> [Collected material]:
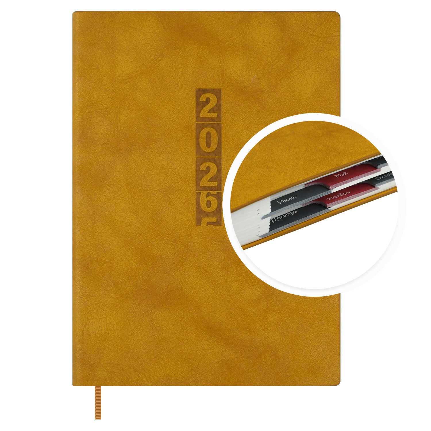Ежедневник датированный 2026 ESCALADA, #ДУМАЙ КАК МИЛЛИАРДЕР, А6+, 176 л., арт. 70300/ 20 ТИВОЛИ ГЛОСС ГОРЧИЧНЫЙ (кожзам: 126х174 мм, мягкий переплёт, запаянный край, материал обложки: искусственная кожа "Тиволи глосс"; декор: блинтовое тиснение; способ крепления блока: ниткошвейный; вн. блок: 176 л., кремовый офсет 70 г/м², печать в две краски (линия), справочный материал: есть; перфорация углов блока: есть; закладка/-и: одно ляссе; каптал: есть; форзац: печать пантоном; особенности: в блоке использованы мотивирующие высказывания из книги "Думай как миллиардер", помогающие сформировать правильное отношение к финансам, профессиональной деятельности, своим способностям и к жизни в целом, вырубка блока по месяцам; персонализация возможна: да; индивидуальная упаковка: промостикер + ПЭТ-пакет)
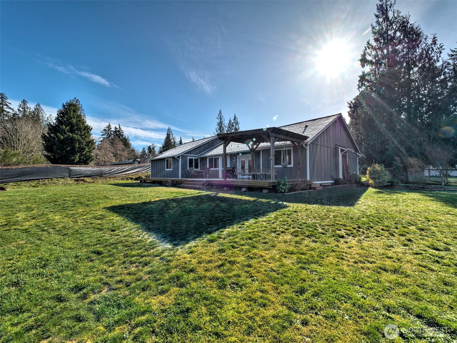 Enjoy the best of close-in country living on 1.09 acres with a seasonal peekaboo view of the Hood Canal & Olympic Mountains. Conveniently located near Hwy 3,shopping, schools, & areas beyond, this property offers easy access to everyday amenities while being close to countless recreational opportunities the PNW is known for.A custom fence welcomes you onto the property,defining the spacious grounds.Inside, this well-designed one-level home features clean lines,vaulted ceilings,fresh interior paint, & an open concept layout that feels bright & inviting. Durable laminate flooring runs throughout the main living areas,providing both style & easy maintenance.A spacious kitchen is the heart with granite countertops,a breakfast island, and plenty of workspace, flows seamlessly into the generous dining area that overlooks the backyard.An oversized great room offers plenty of space for gathering & entertaining, with French doors leading to the back deck where you can step outside and enjoy your private backyard oasis.A covered area on the deck makes outdoor living comfortable in every season and offers ample room for hosting friends, relaxing evenings, or summer barbecues. The home features three bedrooms, including a spacious primary suite with its own en-suite bath, creating a comfortable retreat at the end of the day. A covered front porch, two-car attached garage, and expansive yard complete this inviting property that blends comfort, convenience, and a touch of country charm.
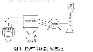轉(zhuǎn)爐二次除塵系統(tǒng)流程圖見(jiàn)圖 1 。

> [Problem description]: Would you please set down the data above again exactly, without its pictures?

> [Task answer]:
Ежедневник датированный 2026 ESCALADA, #ДУМАЙ КАК МИЛЛИАРДЕР, А6+, 176 л., арт. 70300/ 20 ТИВОЛИ ГЛОСС ГОРЧИЧНЫЙ (кожзам: 126х174 мм, мягкий переплёт, запаянный край, материал обложки: искусственная кожа "Тиволи глосс"; декор: блинтовое тиснение; способ крепления блока: ниткошвейный; вн. блок: 176 л., кремовый офсет 70 г/м², печать в две краски (линия), справочный материал: есть; перфорация углов блока: есть; закладка/-и: одно ляссе; каптал: есть; форзац: печать пантоном; особенности: в блоке использованы мотивирующие высказывания из книги "Думай как миллиардер", помогающие сформировать правильное отношение к финансам, профессиональной деятельности, своим способностям и к жизни в целом, вырубка блока по месяцам; персонализация возможна: да; индивидуальная упаковка: промостикер + ПЭТ-пакет)
 Enjoy the best of close-in country living on 1.09 acres with a seasonal peekaboo view of the Hood Canal & Olympic Mountains. Conveniently located near Hwy 3,shopping, schools, & areas beyond, this property offers easy access to everyday amenities while being close to countless recreational opportunities the PNW is known for.A custom fence welcomes you onto the property,defining the spacious grounds.Inside, this well-designed one-level home features clean lines,vaulted ceilings,fresh interior paint, & an open concept layout that feels bright & inviting. Durable laminate flooring runs throughout the main living areas,providing both style & easy maintenance.A spacious kitchen is the heart with granite countertops,a breakfast island, and plenty of workspace, flows seamlessly into the generous dining area that overlooks the backyard.An oversized great room offers plenty of space for gathering & entertaining, with French doors leading to the back deck where you can step outside and enjoy your private backyard oasis.A covered area on the deck makes outdoor living comfortable in every season and offers ample room for hosting friends, relaxing evenings, or summer barbecues. The home features three bedrooms, including a spacious primary suite with its own en-suite bath, creating a comfortable retreat at the end of the day. A covered front porch, two-car attached garage, and expansive yard complete this inviting property that blends comfort, convenience, and a touch of country charm.
轉(zhuǎn)爐二次除塵系統(tǒng)流程圖見(jiàn)圖 1 。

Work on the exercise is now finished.